WHAT TO PRODUCE:
From the line with "This super-soft, chic" through the line with "Arthur Horne, the", repeat the entries verbatim, both end lines included, and add nothing.

TASK INPUTS:

^^^^

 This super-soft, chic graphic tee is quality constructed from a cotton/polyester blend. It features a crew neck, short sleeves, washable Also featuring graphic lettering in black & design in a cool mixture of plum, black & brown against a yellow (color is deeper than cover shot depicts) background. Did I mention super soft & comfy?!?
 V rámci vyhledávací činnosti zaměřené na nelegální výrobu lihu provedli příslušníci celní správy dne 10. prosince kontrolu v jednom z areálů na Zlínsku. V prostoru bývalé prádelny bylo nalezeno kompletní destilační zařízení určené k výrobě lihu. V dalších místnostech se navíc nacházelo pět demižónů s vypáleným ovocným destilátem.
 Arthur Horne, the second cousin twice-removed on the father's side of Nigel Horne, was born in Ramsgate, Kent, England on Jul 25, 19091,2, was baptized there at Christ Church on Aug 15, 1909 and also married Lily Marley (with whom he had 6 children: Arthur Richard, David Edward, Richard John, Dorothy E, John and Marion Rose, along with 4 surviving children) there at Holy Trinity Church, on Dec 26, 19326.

^^^^

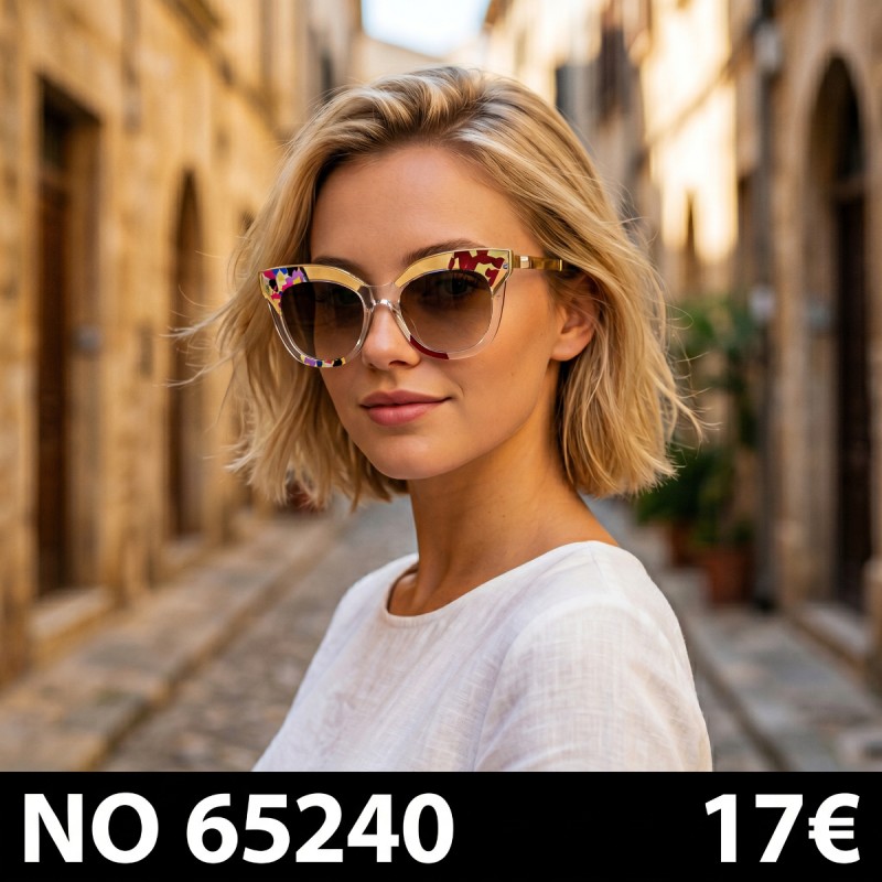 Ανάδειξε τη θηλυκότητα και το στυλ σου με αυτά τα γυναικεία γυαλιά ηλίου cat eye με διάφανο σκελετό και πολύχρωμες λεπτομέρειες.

^^^^

THE ANSWER:
 This super-soft, chic graphic tee is quality constructed from a cotton/polyester blend. It features a crew neck, short sleeves, washable Also featuring graphic lettering in black & design in a cool mixture of plum, black & brown against a yellow (color is deeper than cover shot depicts) background. Did I mention super soft & comfy?!?
 V rámci vyhledávací činnosti zaměřené na nelegální výrobu lihu provedli příslušníci celní správy dne 10. prosince kontrolu v jednom z areálů na Zlínsku. V prostoru bývalé prádelny bylo nalezeno kompletní destilační zařízení určené k výrobě lihu. V dalších místnostech se navíc nacházelo pět demižónů s vypáleným ovocným destilátem.
 Arthur Horne, the second cousin twice-removed on the father's side of Nigel Horne, was born in Ramsgate, Kent, England on Jul 25, 19091,2, was baptized there at Christ Church on Aug 15, 1909 and also married Lily Marley (with whom he had 6 children: Arthur Richard, David Edward, Richard John, Dorothy E, John and Marion Rose, along with 4 surviving children) there at Holy Trinity Church, on Dec 26, 19326.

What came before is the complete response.